14. ENTIRE AGREEMENT

This Agreement constitutes the entire agreement between the parties, superseding all prior oral or written agreements, and the provisions hereof shall be binding upon the parties, their heirs, executors, administrators, successors and assigns and may not be modified or amended except in writing signed by both parties.

15. GOVERNING LAW AND ARBITRATION

This Agreement shall be construed and governed by the laws of the State of Pennsylvania; provided however, that the foregoing choice of law shall not be a waiver of Licensee's or Kings Grant's rights under any applicable State Law.

16. CONSTRUCTION AND SEVERABILITY

(a) Headings contained in this Agreement are for purposes of reference only and shall not affect the construction or interpretation of any provision of this Agreement.

(b) If any provision of this Agreement shall be determined to be wholly, invalid, such determination shall not affect any other provision in this Agreement.

(c) If any provision of this Agreement shall be determined to be partially invalid or unenforceable, the remainder of said provision should remain in full force according to the intent of the parties.

(d) This Agreement is intended to be gender neutral and therefore any reference or use of pronouns shall be deemed to include the other number and gender.

(e) This Agreement is intended to be gender neutral and therefore any reference or use of pronouns shall be deemed to include the other number and gender.

17. BINDING OBLIGATIONS

This Agreement shall be binding upon the parties and their respective heirs, legal representatives, successors, and assigns.

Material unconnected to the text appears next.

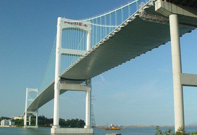 汕頭礐石大橋南起國道324廣汕公路,跨越汕頭海港,北與國道206線聯(lián)接,是繼汕頭市市區(qū)東部建成的海灣大橋后動工興建的第二座特大型跨海大橋,總概算人民幣12.5億,大橋正橋全長2865米,全橋包括互通立交,引橋匝道、引道總延長米為5976米。全橋六車道,兩側加設人行觀光道,橋面總寬30.5米。主塔塔身高148米,主橋主跨518米,通航凈高38米,可通航2萬噸級船舶。大橋主橋鋼絞線斜拉索和鋼箱梁與PC梁混合梁的結構,為我國首例,技術先進,氣勢磅礴,大橋于1998年12月建成。礐石大橋的建成將與海灣大橋形成跨海交通環(huán)線,對推動和改善汕頭市投資環(huán)境和發(fā)展經(jīng)濟起到重大的作用。
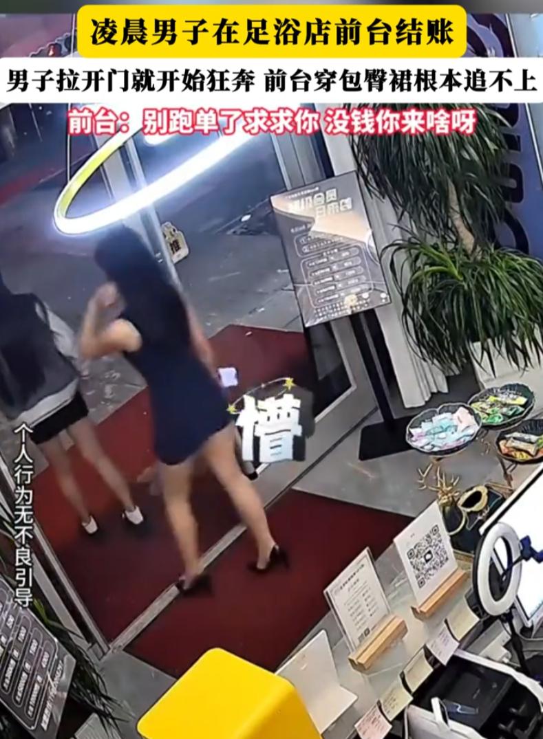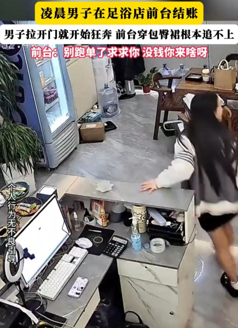 “没钱就别去!”浙江杭州,一男子凌晨去足浴店消费,技师也找了,项目也做完了,可到前台准备结账时却发现前台小姐姐穿着臀包裙,认准了对方行动不方便,男子推开门就跑,洗了一把“霸王脚”,网友:太丢脸了! 一家足浴店里,灯火还亮着。前台姑娘穿着包臀裙,端端正正坐在那儿。技师大姐踩着高跟鞋,刚送走一位客人,脚后跟隐隐发酸 这时候,一个三十岁左右的男子从包间走出来。他精神状态看着不错,步子不紧不慢,走到前台说要结账。前台问了项目,算了一下 前台小姐姐刚把价格报出来,男子就点头,掏出手机,做出要扫码的样子。手指在屏幕上点了几下,嘴里说着“马上好马上好”。前台也没催,就等着 但左等右等,支付成功的提示音就是没响 前台正想开口问一句,这男的突然变了。前一秒还站在那儿拿着手机,后一秒猛地转身,一把推开玻璃门,撒腿就往外跑。那动作之快,像是排练过一样 前台姑娘本能地站起来想追。但包臀裙裹着腿,迈不开大步,只能小碎步往前挪。技师大姐也跟了出来,可脚上那双高跟鞋,走路都费劲,更别说跑了 两个人就这么站在门口,眼睁睁看着那个背影消失在夜色里 这件事有意思的地方在于:拦住她们的,不是那男的多能跑,而是她们身上穿的东西 包臀裙和高跟鞋,本来是服务业里常见的着装要求。为了显得专业,为了好看,为了给客人留下好印象。但在这个凌晨,这两样东西变成了实实在在的短板。一个让你跑不动,一个让你根本没法跑 而那个跑单的男人,恰恰看准了这一点 他从前台走到门口,眼睛一直在瞟门外。他不是在观察有没有人接应,而是在观察这两个女人的状态。包臀裙,迈不开腿。高跟鞋,跑不快。他心里门儿清:就算我跑了,你们追不上 有人可能会说,至于吗? 但你仔细想,他要的就是这个“不至于”。因为金额小,店家大概率不会报警。因为金额小,就算报警了,警察也不会花太多精力去追。因为金额小,跑一次的风险几乎为零 所以他敢。他算得很清楚:风险几乎为零,收益是白嫖一次服务。这笔账,怎么算都不亏 后来前台把监控发到网上,配了一句话:别跑单了,求求你,没钱你来啥啊! 这句话说出来,不是骂人,是实在没办法了。她是真的想不通:你要是真没钱,你别来啊。你来了,享受完了,转身就跑,这叫什么事? 男子在足浴店逃单 前台懵了

18. AUTHORIZED VOLUNTARY EXECUTION

Both parties hereto represent that they have read and understand the contents of this Agreement and the attachments hereto and that they are authorized to execute this Agreement on behalf of the respective parties hereto.

19. EXCLUSIVE PROPERTY

The form and content of this Agreement and customers are the exclusive property of Kings Grant and may not be reproduced in whole or in part or disclosed by Licensee or others, without the prior written consent of Kings Grant or as otherwise permitted in this Agreement.